Tuberville, Britt Use Bipartisanship as Wedge to Advance Alabama’s Needs

Greg Markley


Many have heard the quote by Benjamin Franklin, a Founding Father. But the setting for his saying, “Nothing is certain but death and taxes,” has seldom been noted. Franklin said that quote (in French) to a friend in a 1789 letter he sent to France. It indicated his concern that the nascent U.S. Constitution might someday falter, as all do except “death and taxes.”

U.S. Sens. Tommy Tuberville and Katie Britt have not signed on to the idea in the discouraging Franklin quote. They wish to use bipartisanship for both short-term and long-term purposes. Short-term is that Democrats have a majority of 51 seats (with the three independents). Republicans such as Tuberville and Britt know the math and adjust to it. Long-term, they hope bipartisanship leads to legislative victories.

Both senators are conservatives faithful to the Republican Party. But they have unique backgrounds that help them with legislative work. Tuberville knows a lot about teamwork and forming winning coalitions. He was a college football coach for 40 years. He had outstanding success at Auburn University (1999-2008).

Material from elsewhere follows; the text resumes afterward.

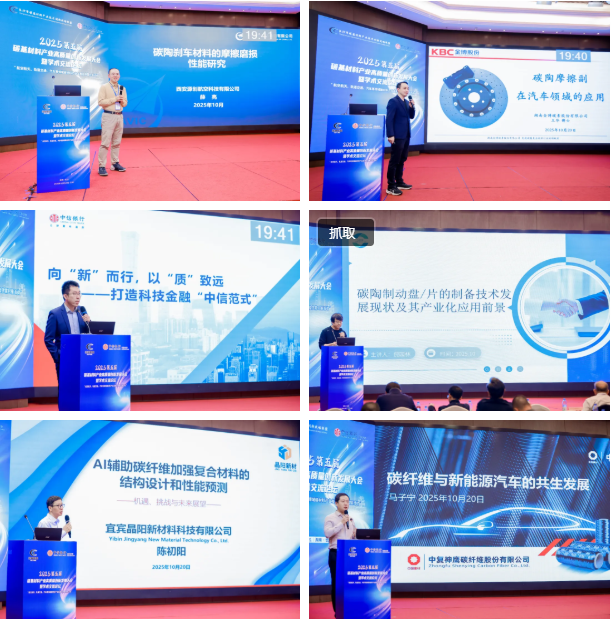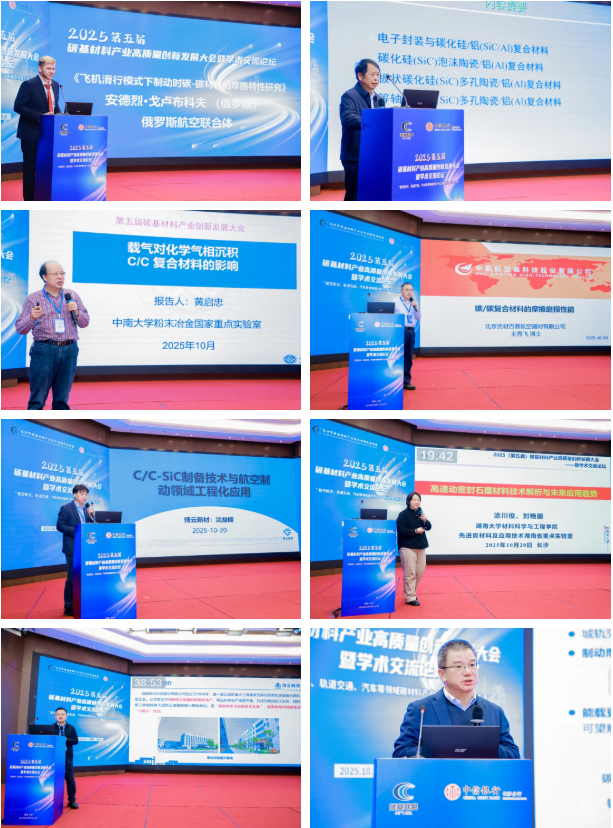 大会设置主题演讲、专题论坛、展位展示、企业参观等多项环节。紧扣全球绿色转型与科技创新趋势,聚焦航空航天、轨道交通、汽车等领域碳基材料产业发展,与会嘉宾来自俄罗斯航空联合体的安德烈·戈卢布科夫先生分享《飞机滑行模式下制动时碳-碳材料的摩擦特性研究》,系统分析了航空制动过程中材料的摩擦行为与性能演变;黄启忠教授深入解析《载气对化学气相沉积C/C复合材料的影响》;肖鹏教授探讨《碳陶制动技术在轨交车辆的应用实践与展望》;王华博士介绍了《碳陶摩擦副在汽车领域的应用》;陈初阳博士以《AI辅助碳碳/碳陶复合材料的高效结构设计与性能预测》为题,展示了人工智能在材料研发中的创新应用。涵盖以上专家在内,本次大会共有14位来自国内外的专家学者带来高水平报告,围绕碳基材料的前沿议题,从微观结构设计到宏观产业应用,多维度展示了最新研发成果与技术前景,彰显了产学研协同创新的强大动能。

Britt brings her two years of experience as chief of staff for Sen. Richard Shelby. Now 99th in seniority in the Senate, she already knows some senators via her position with Shelby. (She was briefly the 100th senator in seniority; John Peter Ricketts of Nebraska was appointed.) Britt also served as CEO of the Business Council of Alabama (2018-2021).

“I just don’t take it as a Republican bill or Democratic bill, I look for all bills that are going to be helpful for the people of the state of Alabama,” Tubberville said. “Joe Manchin (D-WV) and I are on the Armed Services Committee; we’ve discussed many bills. I worked with Sen. Kirsten Gillibrand (D-NY), Sen. Kyrsten Sinema (I-AZ). There is some partisanship, but there are still a lot of things we can do in the Senate as a whole. This is still America.”

Tuberville recently introduced the Foreign Adversary Risk Management (FARM) Act along with two Republican congressmen, Ronny Jackson (TX-13) and Pete Sessions (TX-17). Making this bipartisan are Democrats Vicente Gonzales (TX-34) and Abigail Spanberger (VA-07). Tuberville designed such a bill “because we’ve seen an alarming increase in foreign purchases of farm land and food companies, particularly by China.”

Not all scholars of politics favor bipartisanship. Take Sam Haselby, an historian of the United States, who wrote “Divided we stand: The problem with bipartisanship” for the Boston Globe in 2009. He contrasts partisanship with bipartisanship and found that the former was preferable for a democracy.

“By contrast, bipartisanship can cloak corruption, obscure chasms between politicians and the people they are supposed to be serving, or simply show that the leadership of both parties has become a closed club. In principle and in practice, a serious partisanship — one that brings fresh reason to bear on orthodoxy — is fundamental to a healthy democracy.”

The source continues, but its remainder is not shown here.